Also, watch your wording usage; you say Ovair returned to Coruscant "wounded," "alone," and "half-insane," which is the same wording used in the narrative. Use some synonyms here, and please check for other instances of this throughout the article. Jonjedigrandmaster(We seed the stars) 16:47, April 26, 2010 (UTC)
Altered some word usage between article and source transcript to make it more varied. Removed "half-insane" as that's rather distinctive flowery language that doesn't really mean much. Like being "half-cold". —fodigg(talk) | 18:00, April 26, 2010 (UTC)
Added it for when he appeared on Coruscant, which was right before the duel and his death (with "circa"). —fodigg(talk) | 20:13, April 26, 2010 (UTC)
Okay, so it appears I lied again.
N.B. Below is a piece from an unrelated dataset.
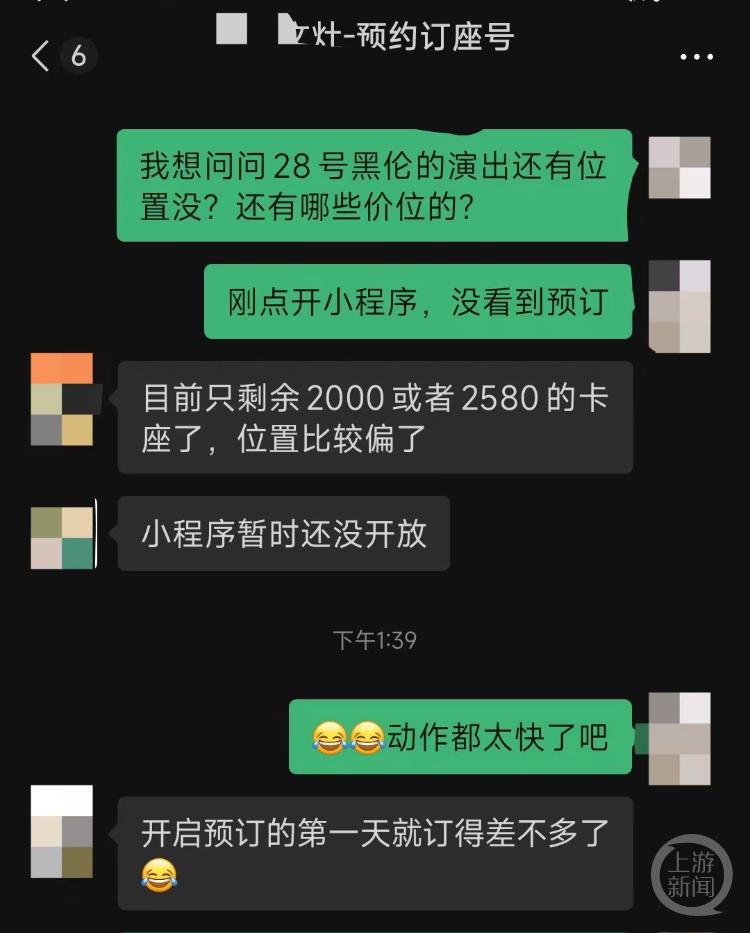 记者随后又以消费者名义,致电了6月28“黑伦”即将进行表演的连锁酒吧厦门文灶店,该店工作人员表示:“28号的演出没有门票,已经开始预订座位了。这次没开放线上小程序预订,而是直接线下预订。”

This is the last one: since Star Wars: The Old Republic | News, Updates, Developer Blogs - "Peace for the Republic" is being considered a separate source, then the article needs to be sourced. Jonjedigrandmaster(We seed the stars) 20:22, April 26, 2010 (UTC)
Ugh! You are, unfortunately correct. Well you didn't really lie because Darth Trayus only recently added that. What happens if I go through and find that, while the News post is a source, it doesn't say anything that isn't duplicated in the timeline? Every paragraph just gets a little timeline source marker at the end? —fodigg(talk) | 20:26, April 26, 2010 (UTC)
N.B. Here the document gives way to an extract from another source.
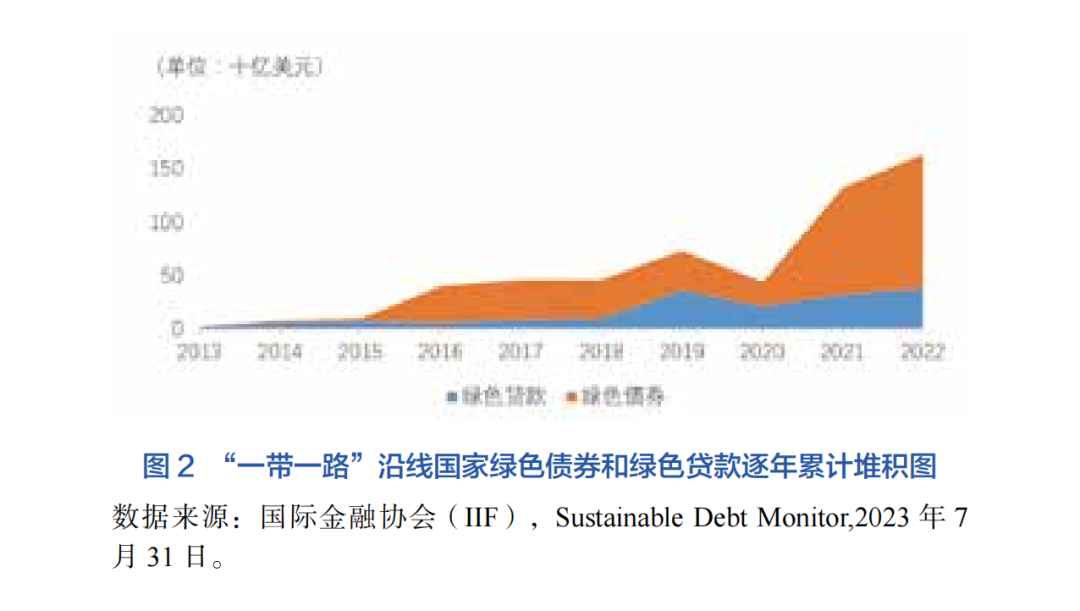 2013-2022年來,“一帶一路”沿線國家的綠色債券和綠色貸款發行量逐年遞增,呈現井噴式增長。綠色債券和綠色貸款發行總額從2013年的不足30億美元增長到了2022年的1645億美元,除了2020年受疫情原因有所下降,其余各年均保持高速增長態勢,2021和2022年年均增長率更達到194%和24%。

Already not the case, as the year is exclusively from the news post and not from the timeline. I'll see if I can't get this done in both Eison Gynt and Barel Ovair by the end of the day. —fodigg(talk) | 20:32, April 26, 2010 (UTC)
Okay, Eison Gynt is all sourced up, however, I had a question. I only used the "News" source when it provided information that only appeared on the News source. When there was overlapping information, I used the "Timeline 7" source, which had a lot more info generally. I assumed that it would be optional to also source the "News" source when it provided overlap. Is this the case? Or do I have to comb through the whole article and provide both sources when info appears in both sources? —fodigg(talk) | 21:03, April 26, 2010 (UTC)
That is correct. When info appears in both sources, it's your choice to source it to whichever source you want. Jonjedigrandmaster(We seed the stars) 21:06, April 26, 2010 (UTC)
Any reason Padawan is not capitalized in the opening quote?
Because I suck at life. The given transcript was all caps and switched it to all lowers and then manual upped to caps where appropriate and just missed this one. Fixed. Also capped "Order" for the "Jedi Order" in that quote. —fodigg(talk) | 21:32, April 26, 2010 (UTC)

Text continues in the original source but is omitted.